# A Global One Child Policy?



## Makalakumu (Dec 12, 2009)

http://www.financialpost.com/story.html?id=2314438



> The "inconvenient truth" overhanging the UN's Copenhagen conference is not that the climate is warming or cooling, but that humans are overpopulating the world.
> 
> 
> A planetary law, such as China's one-child policy, is the only way to reverse the disastrous global birthrate currently, which is one million births every four days.


This is the kind of stuff that is being discussed at the Copenhagen Convention.  To discuss this convention, check out this thread.  To discuss this, post here!


----------



## MA-Caver (Dec 12, 2009)

Are they forgetting how many millions of people DIE over the same time period. Nature has and ALWAYS will find ways to balance out any over population problem... either letting mankind destroy large numbers via wars or through pandemics like the flu and black death plague... 

My first thought on reading that is how about a NO child policy until ALL the children waiting for adoption are given homes... THEN start deciding how many children folks should have. Sheesh... 

My current flame will be unable to bear children (for health reasons) so we both discussed it long and deeply and opted for adoption when thing$ get good enough for us to do so. 

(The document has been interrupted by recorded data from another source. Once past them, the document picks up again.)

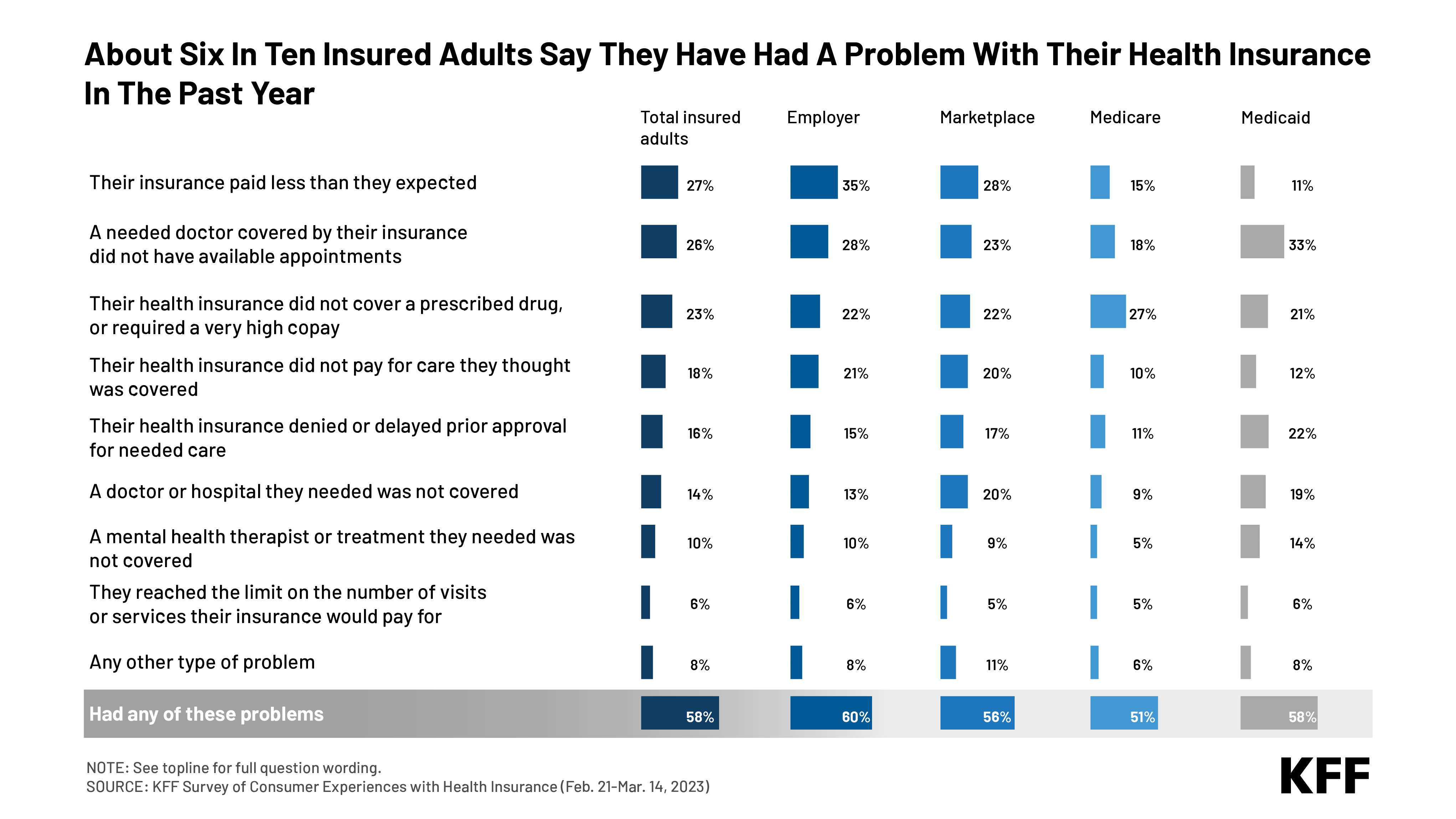 Nobody wakes up in the morning thinking warm and fuzzy thoughts about health insurance companies, and some people have had horrible experiences. The online reaction that followed Thompson’s assassination may at times have been macabre, but it was also reflective of real problems people have experienced with their health coverage and conveyed the real anguish those who are sick and cannot get the care they need can experience. More than half of insured Americans (58%), and even more people who are in ill health (67%), report problems with their coverage. This chart shows the problems people report from our big survey of consumer experiences. It’s not one thing; it’s “death by a thousand cuts” in a health system in which complexity is a feature, not a bug.
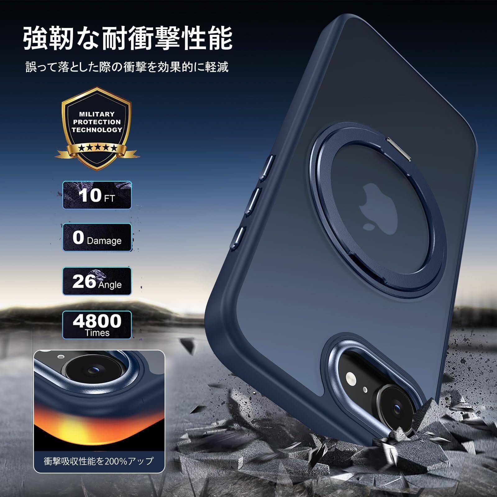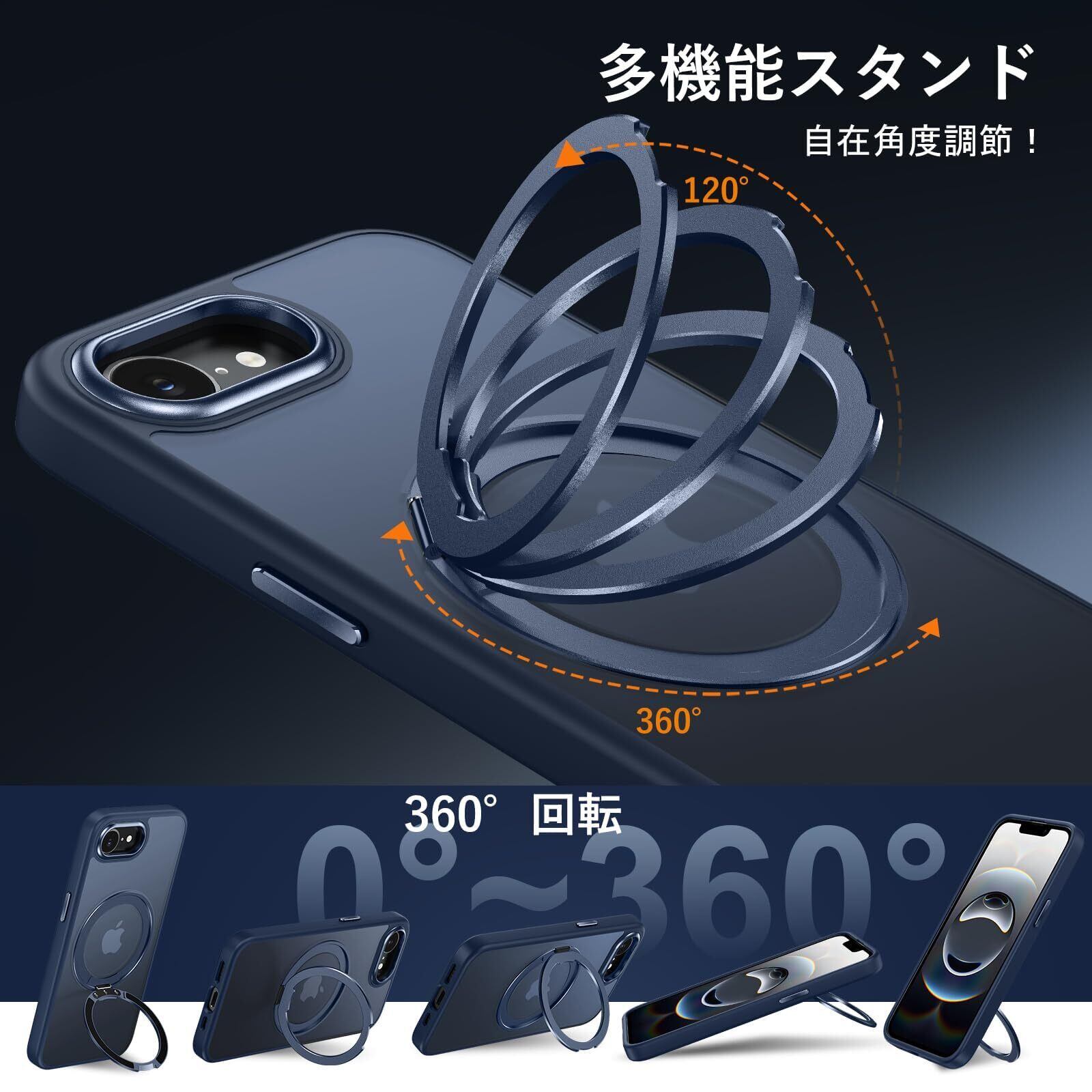 iPhone 16e 用 ケース Magsafe対応 360°回転スタンド アイフォン16e カバー リング マグネット搭載 ワイヤレス充電 縦横多角度 対応 Uovon アイホン16e スマホケース 車載ホルダー ストラップ穴付き マット 半透明 指紋防止 黄变防止 米軍MIL規格 ・ ブルー
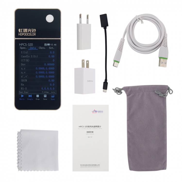 HOPOOCOLOR HPCS-320 380-780nm Lux Meter Handheld Lux Light Meter with 3.5 Inch IPS Touch Screen
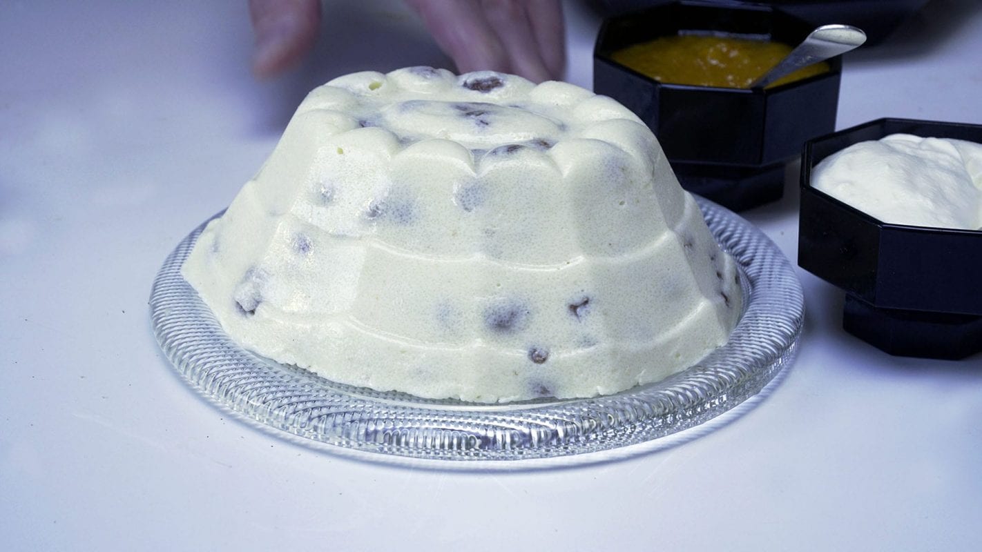 Cees en zijn kleindochter Stella Meijles maken de pudding compleet met abrikozensaus en losgeslagen room. Het recept uit De Banketbakker werd iets aangepast en de nieuwe versie kwam terecht in Crisis koken het kookboek voor de quarantainekok met recepten van vooraanstaande cuisiniers.
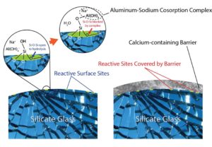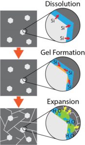 Research funded by the Consortium for Optimization of the use of Mineral AdmiXtures (COMAX) is focused on the mitigation of alkali-silica reaction (ASR). ASR is a multi-step process wherein reactive silicate aggregates in a concrete dissolve, form gels, and induce expansion and cracking. In the interest of preventing this detrimental reaction, COMAX researchers employ comprehensive characterization both of silicate solids and the alkaline solutions they come into contact with. Results provide a means of rapidly and accurately assessing ASR-susceptibility of reactive aggregates, and tailoring appropriate mitigation strategies by the addition of mineral and chemical admixtures. Outcomes of this work will facilitate the use of lower quality aggregates, the beneficial re-purposing of industrial waste byproducts such as fly ash, and ultimately the improvement in durability and service life of the resulting concrete infrastructure made with such materials.
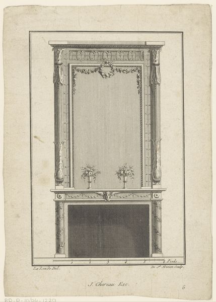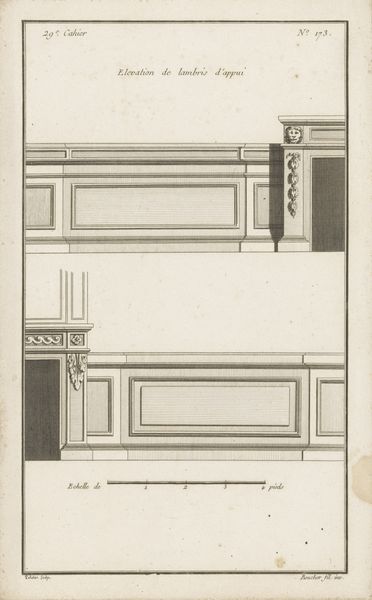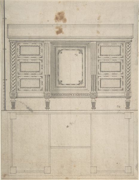 Curator: Immediately, my eye is drawn to the absolute precision. It's like an architectural drawing shrunk down. Editor: This print, held here at The Metropolitan Museum of Art, is titled "Design for a Chest of Drawers," and it originates from the 18th century. It’s a great example of Neoclassical style in furniture design. Curator: I can see that! The geometric rigor, the insistence on symmetry—it's so cool and rational. It’s a visual manifesto of order. Editor: Note, for instance, how the patterns around the drawer openings mirror each other in semi-circular arcs. The rectangular panel to the right offers stark contrast and balance. Do you notice, Iconographer, the symbolism inherent in those repeated circular motifs? Curator: Of course! The circle has always been laden with meaning. It evokes cycles, eternity, wholeness… paired with those rigid rectangles, there’s a tension, a dialogue between the eternal and the temporal, or between nature and structure, perhaps? Editor: That reading has real weight. The materials, or at least the suggestion of materials through these printed lines, play into this too. The grain of wood—the sense of touch implied—against the cold, hard lines of the structure. Semiotically, that’s fascinating. Curator: Precisely! And let's not forget the psychological dimension. Furniture designs like this reflect not just taste but also societal values—a yearning for permanence, for stability, particularly significant after the stylistic indulgences of the Rococo era. Editor: Yes, this is clearly meant to express values of temperance. It stands almost as a rebuke to excess, its very design suggesting restraint. Curator: The more I study the detail— the repeating decorative borders!— the more the chest whispers stories of lives lived around it, of precious things carefully stored, of order imposed on the chaos of existence. Editor: The details provide depth here; from a formal standpoint, there’s great attention given to positive and negative space to generate a visual balance. Curator: Thank you, now I see new aspects of this furniture design! Editor: Of course, together our appreciation is amplified.

There are millions of children across the planet who need a good home. How about taking responsibility for them if folks want to have a child.


----------



## CoryKS (Dec 12, 2009)

Anyone who thinks there are too many people in the world is perfectly free to step up and take one for the team.  Otherwise... my body, my choice.


----------



## Omar B (Dec 12, 2009)

I'm not into having kids ... but the thought of other people thinking about it makes me want to have a whole litter.


----------



## Makalakumu (Dec 12, 2009)

http://www.chinadaily.com.cn/china/2009-12/10/content_9151129.htm



> COPENHAGEN: Population and climate change are intertwined but the population issue has remained a blind spot when countries discuss ways to mitigate climate change and slow down global warming, according to Zhao Baige, vice-minister of National Population and Family Planning Commission of China (NPFPC) .
> 
> 
> "Dealing with climate change is not simply an issue of CO2 emission reduction but a comprehensive challenge involving political, economic, social, cultural and ecological issues, and the population concern fits right into the picture," said Zhao, who is a member of the Chinese government delegation.
> ...



Looks like some form of population control, be it a one child policy, or something more extreme, is a serious topic among delegations seeking a binding international agreement at Copenhagen.  How did we get to the point where this soul-less genocidal totalitarian control injected its way into the debate?


----------



## Archangel M (Dec 12, 2009)

How do we enforce it in third world countries? Or in nations not party to the agreements?


----------



## girlbug2 (Dec 13, 2009)

That these discussions are even going on scares me. Look up the plot synopsis for the film Fortress. It's not a great film by any means but the similarities to the ideas in that article are astounding. I think it presents a possible direction for a one-child global policy, and it's not pretty.


----------



## Makalakumu (Dec 13, 2009)

Archangel M said:


> How do we enforce it in third world countries? Or in nations not party to the agreements?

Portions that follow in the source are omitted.